Par un mémoire en défense, enregistré le 13 janvier 2023, le préfet du Var conclut au rejet de la requête.
Il soutient qu’aucun des moyens invoqués par le requérant n’est fondé.
M. A a été admis au bénéfice de l’aide juridictionnelle totale par une décision du
3 janvier 2023.
Par une ordonnance du 7 novembre 2022, la clôture de l’instruction a été fixée au
13 janvier 2023 à 12 heures.
Vu les autres pièces du dossier.
Vu :
— le code de l’entrée et du séjour des étrangers et du droit d’asile ;
— le code de justice administrative.
Le président de la formation de jugement a dispensé la rapporteure publique, sur sa proposition, de prononcer des conclusions à l’audience.
Les parties ont été régulièrement averties du jour de l’audience.
Ont été entendus au cours de l’audience publique :
— le rapport de Mme B,
— et les observations de Me Lagardère, représentant M. A.
Considérant ce qui suit :
1. M. A, de nationalité guinéenne, né le 21 novembre 2003 selon l’intéressé, soutient être entré en France en juillet 2020 et avoir été pris en charge par l’aide sociale à l’enfance du Var et suivre une formation « CAP carreleur mosaïste » du 8 février 2021 au 31 août 2023. Il a sollicité un titre de séjour mention « travailleur temporaire », qui a été refusé par arrêté du
13 octobre 2022 du préfet du Var qui l’a également obligé à quitter le territoire français dans un délai de 30 jours et a fixé son pays de renvoi. Par la présente requête, M. A demande l’annulation de cet arrêté.
Sur les conclusions tendant à l’admission provisoire au bénéfice de l’aide juridictionnelle :
2. Aux termes de l’article 20 de la loi du 10 juillet 1991 : « Dans les cas d’urgence, sous réserve de l’appréciation des règles relatives aux commissions ou désignations d’office, l’admission provisoire à l’aide juridictionnelle peut être prononcée soit par le président du bureau ou de la section compétente du bureau d’aide juridictionnelle, soit par la juridiction compétente ou son président ».

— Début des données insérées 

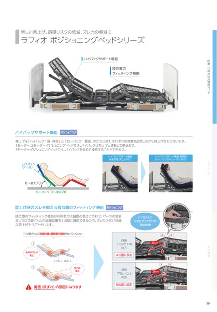 医療・介護施設用電動ベッドマットレス周辺機器新しい背上げ。誤嚥リスクの低減、ズレ力の軽減にラフィオポジショニングベッドシリーズハイバックサポート機能膝位置のフィッティング機能ハイバックサポート機能ポジショニング背上げを「ハイバック:頭-背部」と「ローバック:腰部」の2つに分け、それぞれの角度を調節しながら背上げをおこないます。1モーター、2モーターポジショニングベッドでは、ハイバックは背上げと連動して動きます。3モーターポジショニングベッドでは、ハイバックを単独で操作することができます。ハイバックサポート機能未使用時(背上げ45°)ハイバックサポート機能使用時(ハイバック20°ローバック45°)ハイバック0〜20°0〜最大70°ローバック0〜最大70°背上げ時のズレを抑える膝位置のフィッティング機能ポジショニング膝位置のフィッティング機能は利用者の大腿部の長さに合わせ、パーツの変更なしでひざ脚ボトムの屈曲位置を2段階に調節できるので、ズレの少ない快適な背上げをサポートします。ピンを外して左右にずらすだけの簡単調整!「ひざ脚ボトム」の屈曲位置と膝関節の場所が合っていないと…1身体のズレが発生2ひざボトム脚ボトム圧力が増加褥瘡(床ずれ)の原因になりますAB23cmAB28cm身長175cm未満の方A位置に設定身長175cm以上の方B位置に設定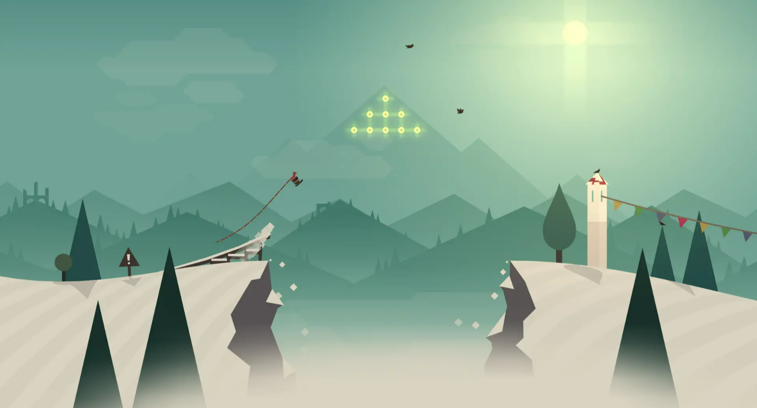 整个游戏的画面的场景布置全部是以雪景为主的,玩家需要操控自己的阿尔托角色在这个陌生的雪景世界里面进行探索,天气的变化都是非常逼真的,还有一些的隐形角色等待着玩家去探索和解锁,可以与他们进行对话,每完成一次滑雪任务之后,便会获得丰厚的奖励,还可以与雪景中的圣诞老人进行追逐,看谁在雪里的速度更快。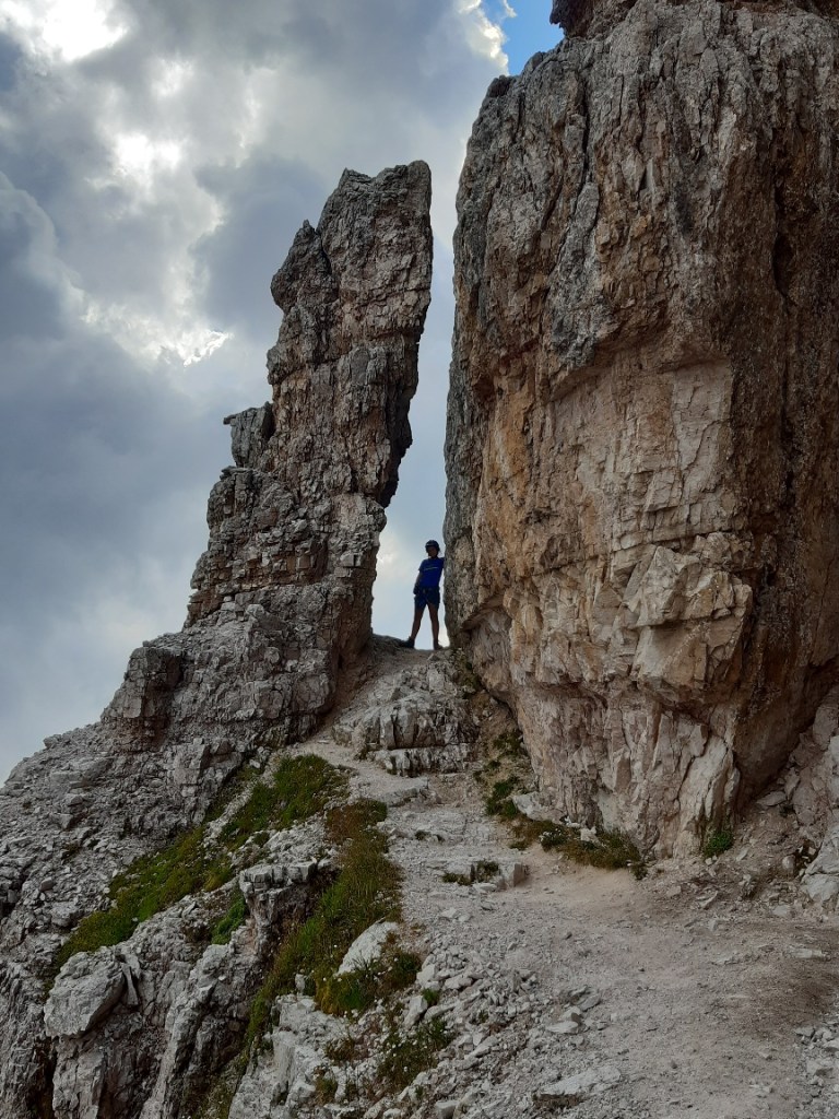 Il sentiero 419 ha poi iniziato a salire, per tornare sul 441 poco prima di impennarsi nell’ascesa della forcella Averau (2435 m slm). I bambini in alcuni parti hanno dovuto utilizzare le mani per arrampicarsi.

3. M. A a été admis au bénéfice de l’aide juridictionnelle par une décision du
3 janvier 2023. Il n’y a donc pas lieu de statuer sur sa demande d’aide juridictionnelle provisoire.
Sur les conclusions à fin d’annulation :
4. D’une part, aux termes de l’article L. 111-6 du code de l’entrée et du séjour des étrangers et du droit d’asile : « La vérification de tout acte d’état civil étranger est effectuée dans les conditions définies par l’article 47 du code civil. ». L’article 47 du code civil précise que : « Tout acte de l’état civil des Français et des étrangers fait en pays étranger et rédigé dans les formes usitées dans ce pays fait foi, sauf si d’autres actes ou pièces détenus, des données extérieures ou des éléments tirés de l’acte lui-même établissent, le cas échéant après toutes vérifications utiles, que cet acte est irrégulier, falsifié ou que les faits qui y sont déclarés ne correspondent pas à la réalité. ».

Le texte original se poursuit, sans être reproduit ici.